He never thought he would buy a car in Kenya. Even as recently as a few months ago, before the Operation started, he loved cramming into matatus, twenty passengers for thirteen seats, bopping his head to Busy Signal or Kenny Rogers. It was a space where his Swahili was adequate—he only needed to know numbers and how to say nashuka hapa or command shika when paying the conductor. He liked the feeling of anonymity yet knowing the system. He knew when to tap someone’s shoulder or why his shoulder was being tapped. He knew when it was appropriate to pass someone’s change to the seat behind him, how long before his stop he needed to demand his change. He loved all the silent communicating. He would miss the matatus, but now a car felt essential, as too many matatus had exploded in the last couple of months.

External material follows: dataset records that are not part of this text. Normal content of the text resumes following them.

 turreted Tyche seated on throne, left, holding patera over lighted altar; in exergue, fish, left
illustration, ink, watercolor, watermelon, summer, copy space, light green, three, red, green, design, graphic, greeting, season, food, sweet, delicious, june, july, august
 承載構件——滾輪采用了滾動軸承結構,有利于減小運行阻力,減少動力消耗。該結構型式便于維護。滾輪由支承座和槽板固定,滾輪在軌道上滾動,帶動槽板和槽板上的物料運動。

“Even us, we don’t know where is safe,” Moses said, continuing to hold up Seb. Now he would surely be late for dinner with his expat friends across town. “Even us, we don’t even know who’s doing these blasts, if it’s the government or the opposition. I don’t think it can be Al-Shabaab. They have not claimed. Now we’re just praying that God will protect us. Mr. Sebastian, let me say, I really like what you’ve done here with this vehicle, sincerely. May God bless you.”

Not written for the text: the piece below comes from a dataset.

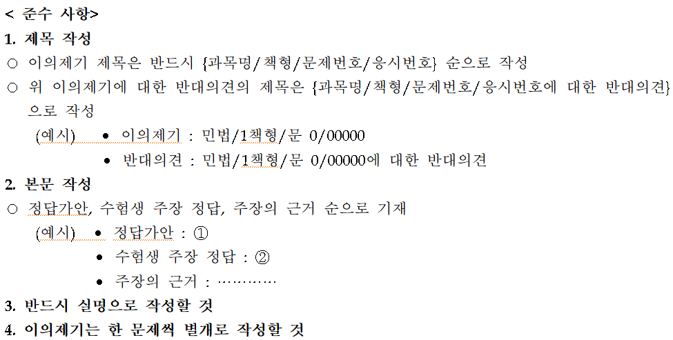이의제기는 반드시 아래의 준수사항을 지켜 작성하시기 바랍니다.

“May God bless you and your family,” Seb said. These words no longer made him uncomfortable; they no longer made him feel like a fraud. He didn’t exactly believe in God, but he was no longer closed off to the idea. Sometimes he even found himself on the toilet or in bed, wanting to pray.
✶
A few months ago, at the end of one of their hour-long conversations at the building entrance, Seb slipped Moses an envelope with 10,000 shillings. Moses called it sponsorship. Seb wanted to call it a friend helping a friend.

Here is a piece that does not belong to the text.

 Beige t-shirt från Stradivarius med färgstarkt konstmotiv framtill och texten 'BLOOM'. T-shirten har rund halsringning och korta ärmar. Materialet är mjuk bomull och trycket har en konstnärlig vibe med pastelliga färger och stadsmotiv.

The next day Moses invited Seb to Kengemi. They sat in the one-room house on hard hand-me-down couches from other Muthaiga View tenants. It was around noon, so normally Moses would have been sleeping and his wife would have been at the market selling tomatoes and onions and sukumawiki. Every few minutes Moses refilled Seb’s mug with hot milk out of a plastic pitcher and sent the boys out to buy more packets of Nescafe. His wife prepared rice and beans on a jiko behind a curtain. The television played soap operas. The door remained open, and at one point a chicken waddled in. Moses looked at Seb and laughed and said that he just couldn’t live without chickens before commanding one of the boys to escort the animal out. He spoke nonstop of his boys, how they were so disciplined and well-dressed that people in the community mistook them for sons of politicians, and how he hoped they wouldn’t get involved with the wrong crowd, and how what Seb was doing for them was unbelievable. Even his own brothers refused to send a single shilling for school fees, even though he was entitled to a third of the family sugarcane profits in Kisii. “You are more than a friend, Mr. Sebastian. When I talk about you, I call you my brother.”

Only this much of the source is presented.